The zinc glycinate crystal prepared by the embodiment has the bulk density of 1.8kg/L and the drying weight loss of 6.7 percent, is loose and not agglomerated as a whole, and has the dissolution rate in water improved by 1.8 times compared with the dissolution rate in water without magnesium oxide.

Claims (5)

1. A preparation method of loose and non-caking feed additive zinc glycinate is characterized by comprising the following steps: adjusting the pH value of a saturated reaction solution obtained after the reaction of glycine and zinc sulfate to 4-5 and the solid-to-liquid ratio of 12-16%, evaporating and concentrating, adding magnesium oxide according to the proportion of 0.0001-0.0012% of the total mass of glycine and zinc sulfate when the saturated reaction solution starts to crystallize, uniformly mixing, starting cooling water for circulating cooling at the temperature of 20-40 ℃, centrifuging, and drying by airflow to obtain the product;

wherein the evaporation intensity during evaporation concentration is 0.2-0.4 ton of water per hour, the pressure during evaporation concentration is-0.1-0.08 MPa, and the temperature during evaporation concentration is 60-90 ℃.

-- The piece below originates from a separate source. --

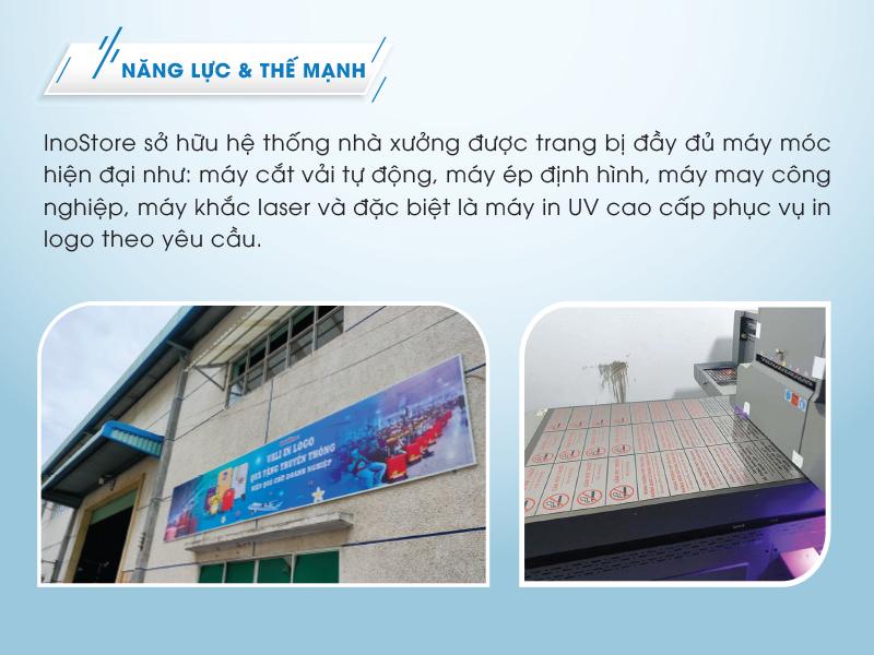 Điểm nổi bật làm nên thương hiệu Inostore chính là khả năng sản xuất theo yêu cầu, đa dạng về mẫu mã và chất liệu. Với hệ thống xưởng may – in ấn hiện đại, Inostore có thể đáp ứng từ những đơn hàng nhỏ lẻ vài chục sản phẩm cho đến các đơn hàng lớn lên đến hàng nghìn sản phẩm trong thời gian ngắn mà vẫn đảm bảo chất lượng đồng đều.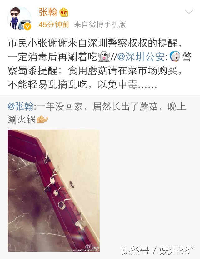 张翰调侃自家长出蘑菇,深圳公安神回复,网友:调皮的警察叔叔!

2. The method for preparing the loose and non-caking feed additive zinc glycinate according to the claim 1, wherein the magnesium oxide is added according to the proportion of 0.0008 percent of the sum of the mass of the glycine and the zinc sulfate.

3. A process for the preparation of the loose non-caking feed additive zinc glycinate according to claim 1 or 2, wherein the temperature during the evaporative concentration is 70 ℃.

4. The method for preparing the loose and non-caking feed additive zinc glycinate according to claim 1 or 2, wherein the cooling time is 2-5 hours.

5. The method of claim 4 wherein the temperature of the recirculating cooling is 30 ℃ and the cooling time is 4 hours.